Голод, который был не в желудке. Нет. Это – для вас, для обывателей. Мой голод был в костях. В каждой клетке. Это был метафизический, вселенский голод. Голод новорожденного бога, которого по ошибке выбросили в мир, состоящий из дерьма и компромиссов.
Я помню войну. Этот ваш театр абсурда. Эти идиоты в мундирах, которые думали, что сражаются за родину, за кайзера, за какую-то еще чушь. А на самом деле, они лишь удобряли своими кишками землю. Я видел это. Я, еще почти ребенок. Я видел, как красивые, глупые мальчики превращаются в фарш. И я не чувствовал ужаса. Я чувствовал омерзение. Омерзение к их глупости. К их покорности.
А потом – клетка.
Английский лагерь для военнопленных. Вы думаете, это было страшно? НЕТ!
Это было честно.
Впервые в жизни мир показал мне свое подлинное лицо. Лицо тюремщика.
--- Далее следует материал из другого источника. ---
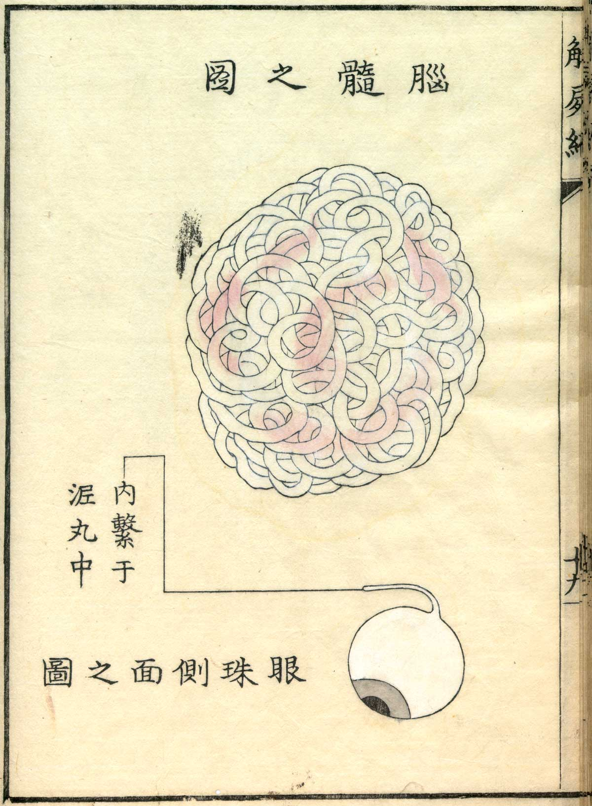 Kaishi hen. Kawaguchi Shinnin Shien cho (解屍編 / 河口信任子遠著 "Complete notes on the dissection of cadavers") is an anatomical atlas by Kawaguchi Shinnin (1736-1811).

Мир – это и есть лагерь. А все вы – заключенные. Просто вы этого не поняете. Вы обклеили свои камеры обоями, вы повесили занавески, вы завели себе жен, детей, работу. И вы вообразили, что вы – свободны.
Я же был свободен именно там. В грязи. В холоде. Среди вшей и дизентерии.
Потому что я знал.
Я ЗНАЛ, что это – тюрьма. И в этом знании была моя сила.
Я помню баланду. Эту теплую, мутную, безвкусную жидкость. Они думали, что кормят нас. Они нас унижали. Они пытались убить в нас зверя, превратить нас в таких же, как они, жвачных животных.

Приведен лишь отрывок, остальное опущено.